2.2. Discours direct

2.2.2. Sémantique socio-politique

2.2.2.1. Amplification / Abréviation

L’exemple précédent nous présente le discours direct comme un lieu particulièrement privilégié pour introduire de nouvelles valeurs. A travers les procédés d’amplification et d’abréviation, se manifeste en effet l’expression, parfois masquée, d’une leçon, mais qui trouve tout son sens dans son rapport avec les autres éléments mis en valeur dans le récit.

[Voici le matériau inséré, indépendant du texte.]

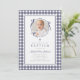 Modern Blue Gingham Photo Boy Baptism Invitation. For best results upload a square image of the baby.

Dans l’épisode de la bataille contre Fáriz et Galve, le discours qui précède la victoire décisive du Cid comporte un ajouté où sont détaillées les conseils stratégiques que donne le héros à ses hommes. En effte, si l’on observe le discours direct du Poème, on constate qu’il est uniquement fait référence à l’aide apportée par Minaya (« bando »):

vv. 753-755:

« Caualgad, Mynaya, uos sodes el myo diestro braço! Oy en este dia de uos abre grand bando;

Firme son los moros, avn nos van del campo. »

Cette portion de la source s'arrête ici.